# [The task]
What is needed is an exact transcription of every entry below, with the pictures left out.

# [Information given]
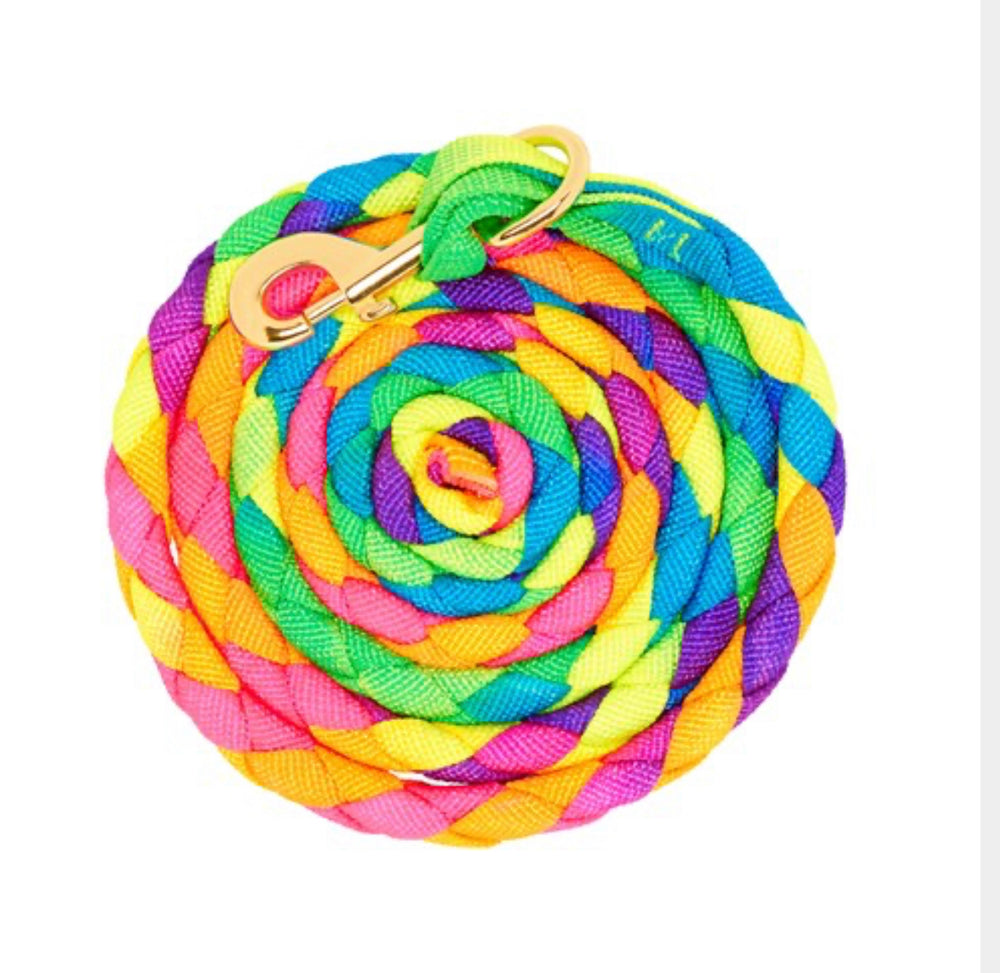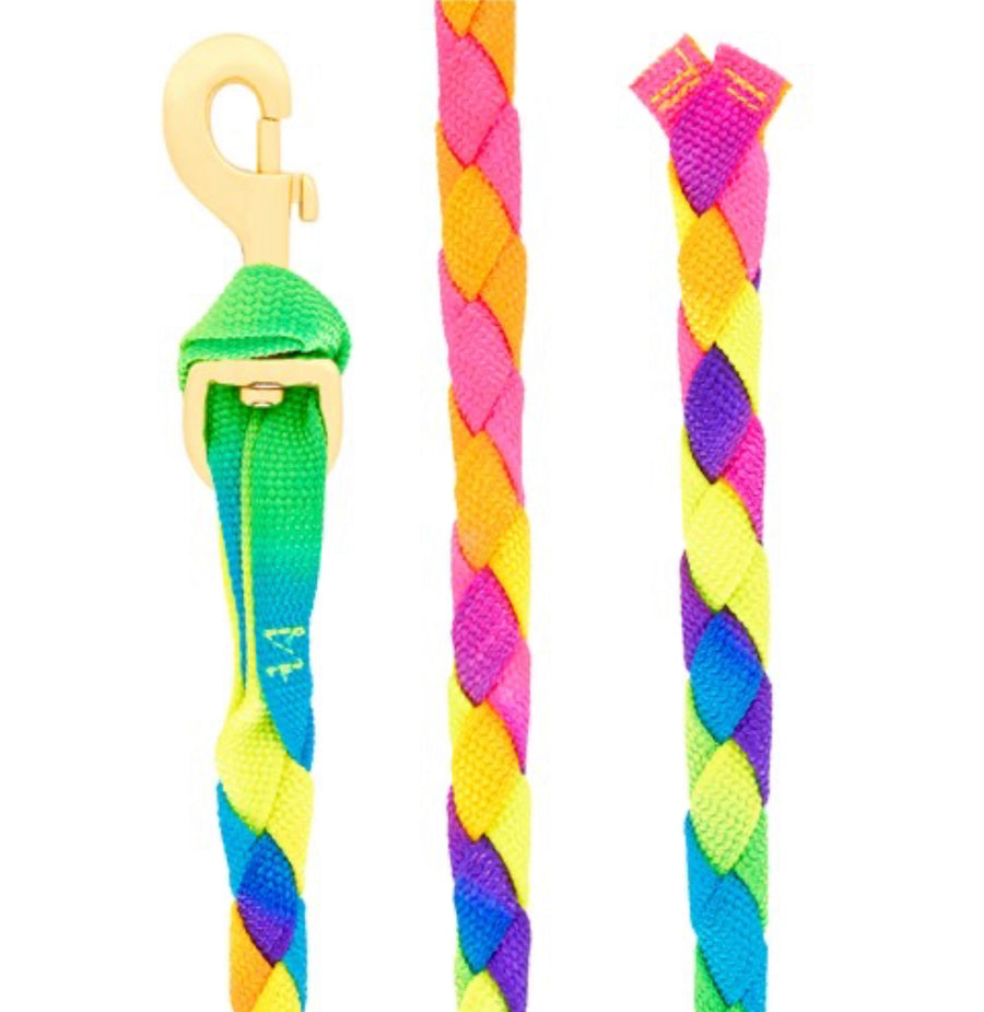 • Looks good with the Bambino Rainbow Halter, however they are not a complete match. This lead rope is more fluro.
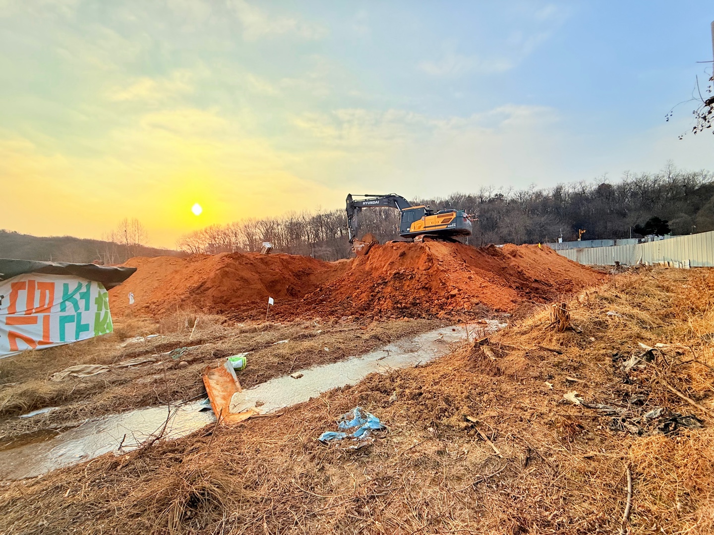원상 복귀를 하면서 굴착기와 트럭이 왔다 갔다 하면서도 밟히고
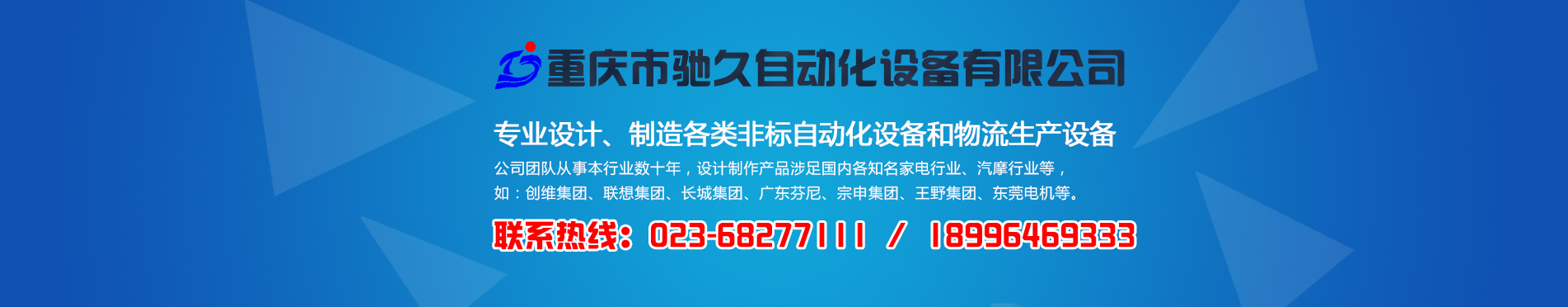 更多>- [06.04]· 熱烈祝賀重慶市馳久自動化設備有限公司網站上線!
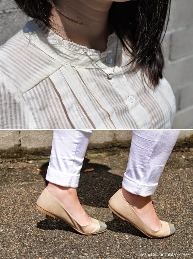 La combiné con pantalones blancos, un básico imprescindible del verano y complementos en nude como el clutch en distintas tonalidades de marrón, bailarinas archi-conocidas XD y collar de corazón en blanco de Mucurundu.
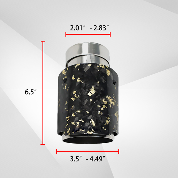 Compatibility Suitable for most cars.Inlet Diameter: 2.01″ - 2.83″ (fits original exhaust pipes with an outer diameter of 1.89″-2.72″).Outlet Diameter: 3.5″ - 4.49″.
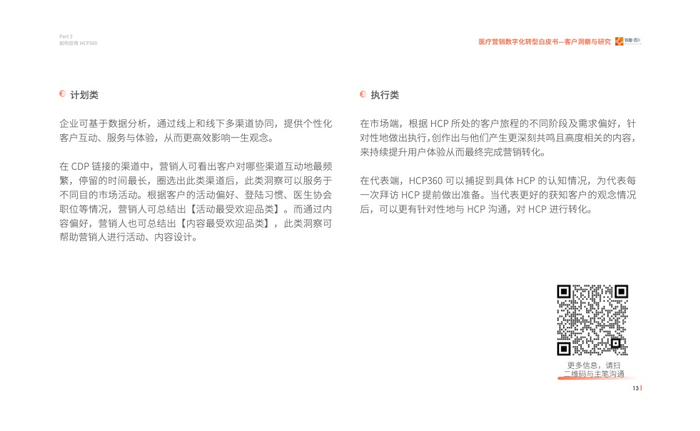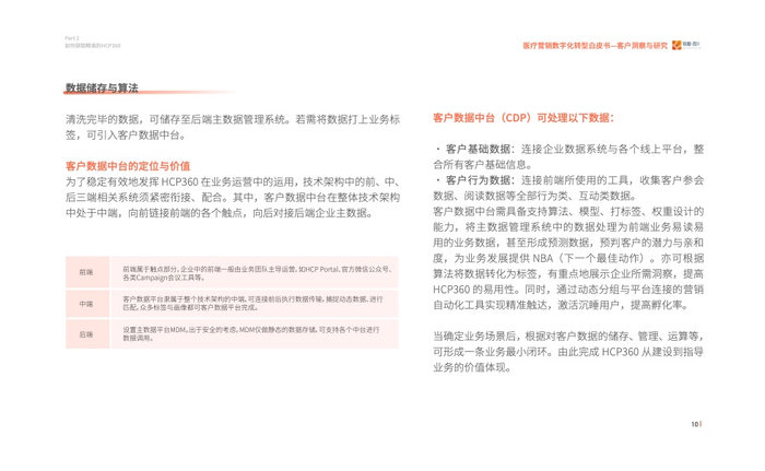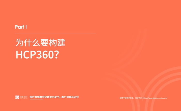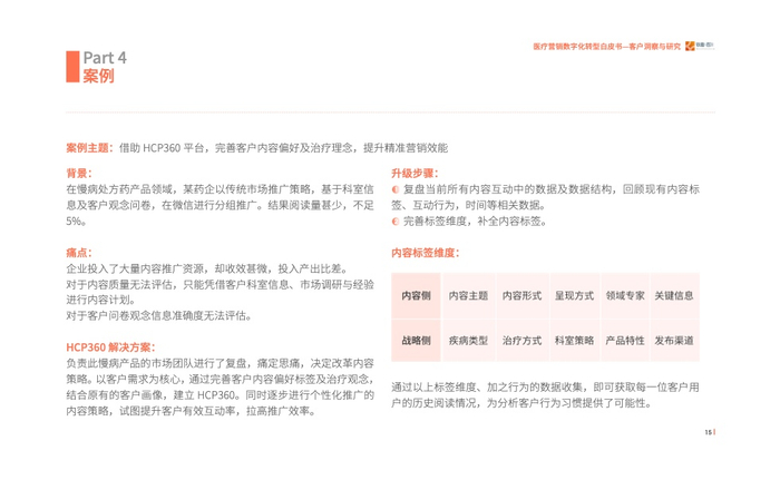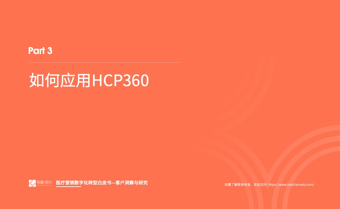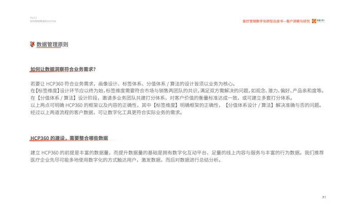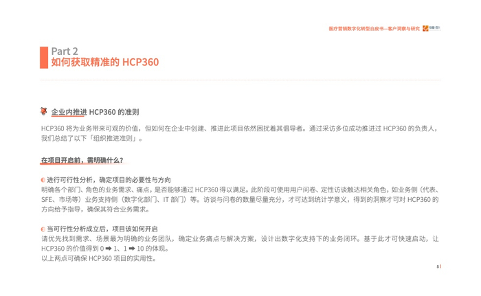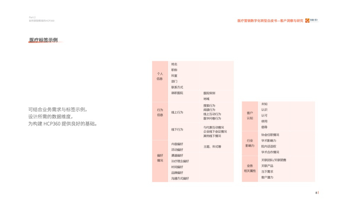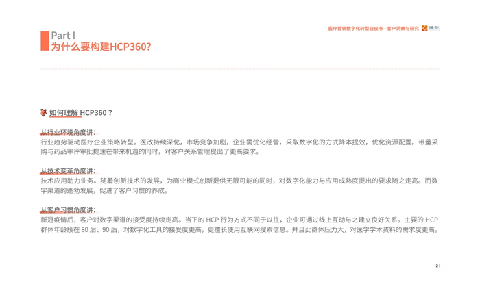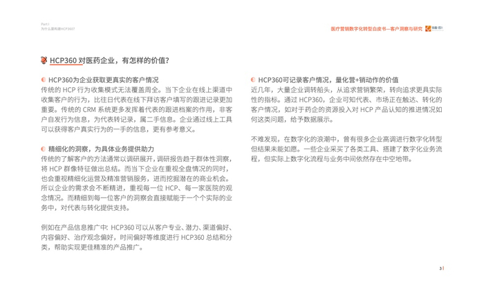 2023年我们发现医疗行业对于数字化营销有了进一步的要求,即精细化的营销,而客户画 像(HCP360)在其中扮演着至关重要的角色。通过采访众多头部企业营销数字化转型的操盘 手、掌舵人,我们走进医疗数字营销的深水区、数字营销核心——客户洞察与研究,其中客 户画像(HCP360)是精细化营销的基石。
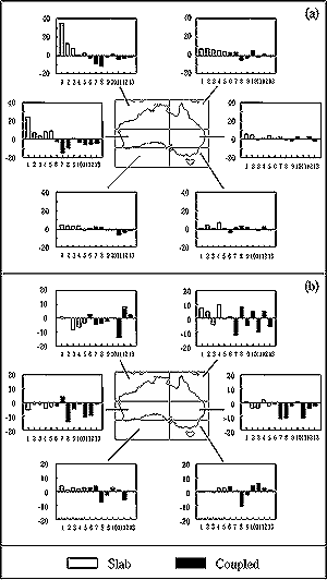 Most recent impact studies for Australia and New Zealand have been based on scenarios released by the Commonwealth Scientific and Industrial Research Organisation (CSIRO, 1996a) or the National Institute of Water and Atmosphere (NIWARenwick et al., 1998b). The CSIRO (1996a) scenarios included two sets of rainfall scenarios that are based on results from equilibrium slab-ocean general circulation model (GCM) and transient coupled ocean-atmosphere GCM (AOGCM) simulations. Some impact and adaptation studies since RICC have used results from a 140-year simulation over the whole region that uses the CSIRO regional climate model (RCM) at 125-km resolution nested in the CSIRO Mark 2 coupled GCM run in transient mode from 1961 to 2100, as well as similar simulations at 60-km resolution over eastern Australia. Figure 12-1 (from Whetton et al., 2001) summarizes results of slab-ocean and coupled AOGCM simulations of rainfall changes for various subregions of Australia in summer (December-January-February, DJF) and winter (JJA), respectively.
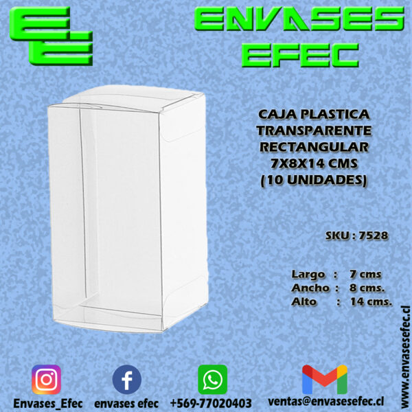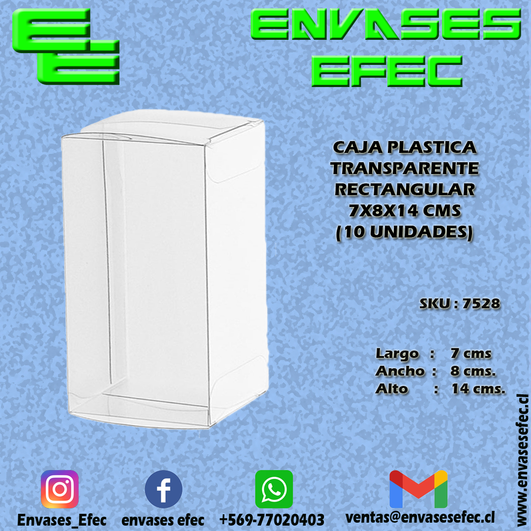 CAJA PLASTICA TRANSPARENTE RECTANGULAR 7X8X14 CMS (10 UNIDADES)
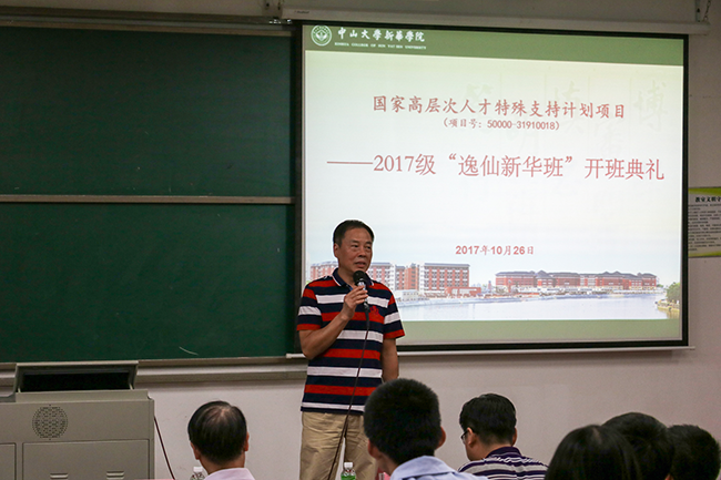 开班典礼上,李中生副校长致辞。他表示,“逸仙新华班”是我校创新人才培养模式的实践班,是深化本科教育教学改革的实验班,是学生优秀学风的引领播种班,更是创新学习方式方法的验证班。他勉励2017级“逸仙新华班”的同学:同学们应该在“逸仙新华班”中培养并提升人格涵养、特长发展和综合素质,让其成为大学时光的荣耀之源。最后,他衷心地祝贺在座的74位同学经过层层选拔进入“逸仙新华班”开启学习之旅,希望他们四年后能成为中山大学新华学院最优秀的学子。
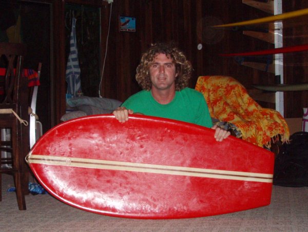6. How did the board ride? What sort of waves was it best suited to? The board was a real slug until you got the right day. In fast, hollow, section-less waves, like Honolua Bay, Shark Pit, Ma’alaea, or Lahaina Harbor the board rides like a dream. And when there were bodyboarders out I would get some funny looks and lots of questions.7. You described Vinny as a "genius" in your e-mail. Can you expand on this? As far as surfers go, we are a pretty close minded bunch in the design department. I think Vinny is a genius in that he was taking on radical new directions in shaping – and also the way in which boards are ridden. For example, he and Bunker Spreckles were involved in making boards that you could surf lying prone, kneeling, and standing. Often this was done all on the same wave depending on the needs of the rider. Vinny was looking beyond the status quo that labeled you as a surfer, knee-boarder, or belly-boarder. I think he was looking to for total stoke no matter what it looked like. Vinny was also shaping boards with air tunnels running through the deck and releasing out the bottom. The idea was to minimize wetted surface by funneling air to the bottom of the board, thus increasing speed. He is still shaping, and creating under his house which is a feat in itself. Vinny is a tall man, maybe 6’5”, and the shaping room under the house is only about 6’ tall. Yet, he is shaping great boards.8. What was it like contacting Vinny about the board and returning it to him? I made arrangements to fly to Kauai a few days before leaving for Australia. I flew from Maui into Lihue and thumbed it up to Hanalei Bay and onto Waihiha with the board and a day pack. I must have had about 8 rides from a variety of people, and 6 of those eight knew Vinny. They all wanted to know what the deal was with the odd looking board under wraps. The typical response to me saying I was going to see Vinny Bryan was, “Ahhhh Veeeny (with a smile). You tell ‘em Kaipo say hello.” Meeting him was like hanging out with my own father. Very relaxed, casual, and welcoming. He made me feel like part of his family. He gave me the grand tour in his beat pickup, and cooked up a mean breakfast after sleeping on his couch overnight. I wanted to stay longer, but I had to go, so he drove me all the way to the airport.9. How long have you been making your own paipo? How do your boards differ from Vinny's? I made my first paipo right when I got to Australia. Since no one makes very wide blanks, I pieced one together from broken surfboards I found in peoples' yards during the council pickup. I found that, given the hollow beach-break conditions we often encounter here, I needed something for the days when surfing is not the best option. Being an avid bodysurfer, I am often frustrated by not getting very far in the tube... so I shaped a board modeled after a Hawaiian Paipo Designs board I saw a while ago. Compared with Vinny’s board, mine is straighter and flatter on the bottom. The outline is way different. The wide point is a few inches up from the tail. The rails go from soft in the nose and body, to very sharp in the tail. Like Vinny’s board, mine is only 1½ “ inches thick. Also, my board is finless.10. What are your thoughts on finless versus finned paipo boards? Depends on the conditions you are riding. I like the finless board for its side slipping potential, but in really juicy surf, fins can really help hold a high line. I find that the finless board requires far more work from the rider. Lots more weight shifting is required to ride critical faces and sections.11. In your travels do you see many paipo boards being ridden? Only a few places on Maui, and the name of the guy escapes me, but he is a local guy who just rips Honolua Bay when it gets big. Other than that, no.12. For you, what is the attraction of paipo boards? I love it as a surfing option. When most people won’t go out because it’s too fast or too small, I can have a lot of fun on a paipo. Also, it’s easier to carry around than my 10’3” longboard.13. Any waves or surfs stand out that you have ridden? Riding Vinny's board on Maui over the years, I have had the opportunity to selectively surf waves suited for it. When the crowds are thin, I have had good surfs, at Ma’alaea, Mala Wharf, Lahaina Harbour, Shark Pit, Rainbows, Ka’anapali Point, Flemings, The Bay, and Windmills. I would say Windmills is a stand out in that it is like a mini-version of Pipeline, without the hassles. Justin's quiver before leaving for Australia ![]() |

# [Written solution]
 • Looks good with the Bambino Rainbow Halter, however they are not a complete match. This lead rope is more fluro.
원상 복귀를 하면서 굴착기와 트럭이 왔다 갔다 하면서도 밟히고
 更多>- [06.04]· 熱烈祝賀重慶市馳久自動化設備有限公司網站上線!
 La combiné con pantalones blancos, un básico imprescindible del verano y complementos en nude como el clutch en distintas tonalidades de marrón, bailarinas archi-conocidas XD y collar de corazón en blanco de Mucurundu.
 Compatibility Suitable for most cars.Inlet Diameter: 2.01″ - 2.83″ (fits original exhaust pipes with an outer diameter of 1.89″-2.72″).Outlet Diameter: 3.5″ - 4.49″.
 2023年我们发现医疗行业对于数字化营销有了进一步的要求,即精细化的营销,而客户画 像(HCP360)在其中扮演着至关重要的角色。通过采访众多头部企业营销数字化转型的操盘 手、掌舵人,我们走进医疗数字营销的深水区、数字营销核心——客户洞察与研究,其中客 户画像(HCP360)是精细化营销的基石。
 Most recent impact studies for Australia and New Zealand have been based on scenarios released by the Commonwealth Scientific and Industrial Research Organisation (CSIRO, 1996a) or the National Institute of Water and Atmosphere (NIWARenwick et al., 1998b). The CSIRO (1996a) scenarios included two sets of rainfall scenarios that are based on results from equilibrium slab-ocean general circulation model (GCM) and transient coupled ocean-atmosphere GCM (AOGCM) simulations. Some impact and adaptation studies since RICC have used results from a 140-year simulation over the whole region that uses the CSIRO regional climate model (RCM) at 125-km resolution nested in the CSIRO Mark 2 coupled GCM run in transient mode from 1961 to 2100, as well as similar simulations at 60-km resolution over eastern Australia. Figure 12-1 (from Whetton et al., 2001) summarizes results of slab-ocean and coupled AOGCM simulations of rainfall changes for various subregions of Australia in summer (December-January-February, DJF) and winter (JJA), respectively.
 CAJA PLASTICA TRANSPARENTE RECTANGULAR 7X8X14 CMS (10 UNIDADES)
 开班典礼上,李中生副校长致辞。他表示,“逸仙新华班”是我校创新人才培养模式的实践班,是深化本科教育教学改革的实验班,是学生优秀学风的引领播种班,更是创新学习方式方法的验证班。他勉励2017级“逸仙新华班”的同学:同学们应该在“逸仙新华班”中培养并提升人格涵养、特长发展和综合素质,让其成为大学时光的荣耀之源。最后,他衷心地祝贺在座的74位同学经过层层选拔进入“逸仙新华班”开启学习之旅,希望他们四年后能成为中山大学新华学院最优秀的学子。
6. How did the board ride? What sort of waves was it best suited to? The board was a real slug until you got the right day. In fast, hollow, section-less waves, like Honolua Bay, Shark Pit, Ma’alaea, or Lahaina Harbor the board rides like a dream. And when there were bodyboarders out I would get some funny looks and lots of questions.7. You described Vinny as a "genius" in your e-mail. Can you expand on this? As far as surfers go, we are a pretty close minded bunch in the design department. I think Vinny is a genius in that he was taking on radical new directions in shaping – and also the way in which boards are ridden. For example, he and Bunker Spreckles were involved in making boards that you could surf lying prone, kneeling, and standing. Often this was done all on the same wave depending on the needs of the rider. Vinny was looking beyond the status quo that labeled you as a surfer, knee-boarder, or belly-boarder. I think he was looking to for total stoke no matter what it looked like. Vinny was also shaping boards with air tunnels running through the deck and releasing out the bottom. The idea was to minimize wetted surface by funneling air to the bottom of the board, thus increasing speed. He is still shaping, and creating under his house which is a feat in itself. Vinny is a tall man, maybe 6’5”, and the shaping room under the house is only about 6’ tall. Yet, he is shaping great boards.8. What was it like contacting Vinny about the board and returning it to him? I made arrangements to fly to Kauai a few days before leaving for Australia. I flew from Maui into Lihue and thumbed it up to Hanalei Bay and onto Waihiha with the board and a day pack. I must have had about 8 rides from a variety of people, and 6 of those eight knew Vinny. They all wanted to know what the deal was with the odd looking board under wraps. The typical response to me saying I was going to see Vinny Bryan was, “Ahhhh Veeeny (with a smile). You tell ‘em Kaipo say hello.” Meeting him was like hanging out with my own father. Very relaxed, casual, and welcoming. He made me feel like part of his family. He gave me the grand tour in his beat pickup, and cooked up a mean breakfast after sleeping on his couch overnight. I wanted to stay longer, but I had to go, so he drove me all the way to the airport.9. How long have you been making your own paipo? How do your boards differ from Vinny's? I made my first paipo right when I got to Australia. Since no one makes very wide blanks, I pieced one together from broken surfboards I found in peoples' yards during the council pickup. I found that, given the hollow beach-break conditions we often encounter here, I needed something for the days when surfing is not the best option. Being an avid bodysurfer, I am often frustrated by not getting very far in the tube... so I shaped a board modeled after a Hawaiian Paipo Designs board I saw a while ago. Compared with Vinny’s board, mine is straighter and flatter on the bottom. The outline is way different. The wide point is a few inches up from the tail. The rails go from soft in the nose and body, to very sharp in the tail. Like Vinny’s board, mine is only 1½ “ inches thick. Also, my board is finless.10. What are your thoughts on finless versus finned paipo boards? Depends on the conditions you are riding. I like the finless board for its side slipping potential, but in really juicy surf, fins can really help hold a high line. I find that the finless board requires far more work from the rider. Lots more weight shifting is required to ride critical faces and sections.11. In your travels do you see many paipo boards being ridden? Only a few places on Maui, and the name of the guy escapes me, but he is a local guy who just rips Honolua Bay when it gets big. Other than that, no.12. For you, what is the attraction of paipo boards? I love it as a surfing option. When most people won’t go out because it’s too fast or too small, I can have a lot of fun on a paipo. Also, it’s easier to carry around than my 10’3” longboard.13. Any waves or surfs stand out that you have ridden? Riding Vinny's board on Maui over the years, I have had the opportunity to selectively surf waves suited for it. When the crowds are thin, I have had good surfs, at Ma’alaea, Mala Wharf, Lahaina Harbour, Shark Pit, Rainbows, Ka’anapali Point, Flemings, The Bay, and Windmills. I would say Windmills is a stand out in that it is like a mini-version of Pipeline, without the hassles. Justin's quiver before leaving for Australia ![]() |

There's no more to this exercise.